While Cerberus and its investors have prospered, the Steward system is in financial ruins. In 2018, Steward’s Massachusetts hospital system was the worst-performing in the state on every metric. It lost $592 million in 2017 and 2018. In 2018, its overall margin, including operating and non-operating activities, was negative 4.1 percent. Its current ratio (a measure of its liquidity) for its Massachusetts hospitals, was under 1—indicating that its current liabilities cannot be met with current assets. Steward’s long-term debt exceeded the value of its assets by $1.21 billion.

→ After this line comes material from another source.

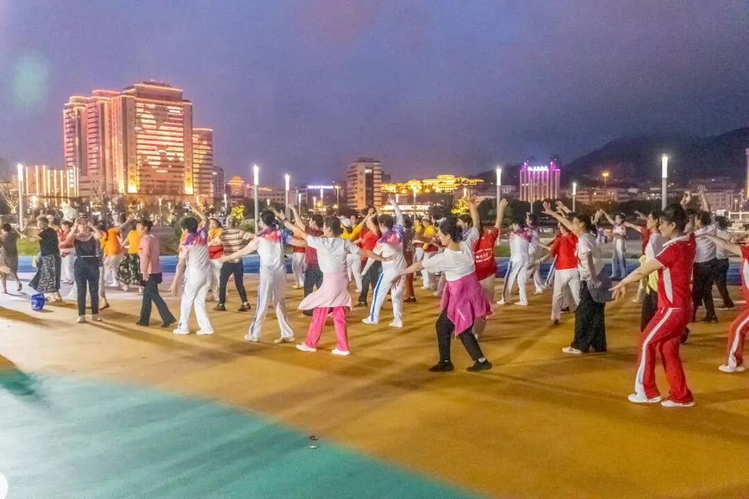 伴随着悠扬的旋律,学员们热情高涨,广场的群众也被深深吸引,纷纷驻足加入,有带娃玩耍的奶奶,有外地旅游的小情侣,有牵着小狗散步的姑娘,也有纳凉的老爷爷。她们认认真真地听着姚老师讲解,反复练习舞步。步伐逐渐整齐划一,动作协调一致。整个队伍洋溢着蓬勃的朝气与活力,充分展现了全民健身的魅力。一举一动都展现出了健康向上、积极进取的精神风貌。

Like the health care workers at Easton Hospital and the patients in the rural Lehigh Valley, Steward’s 42,000 workers and the 800 communities it serves face the danger of a sudden shutdown by the financially frail system if it cannot cope with the coronavirus crisis that is sweeping across the country.

Federal bailouts to the rescue. Easton Hospital is the first private equity bailout, but surely not the last.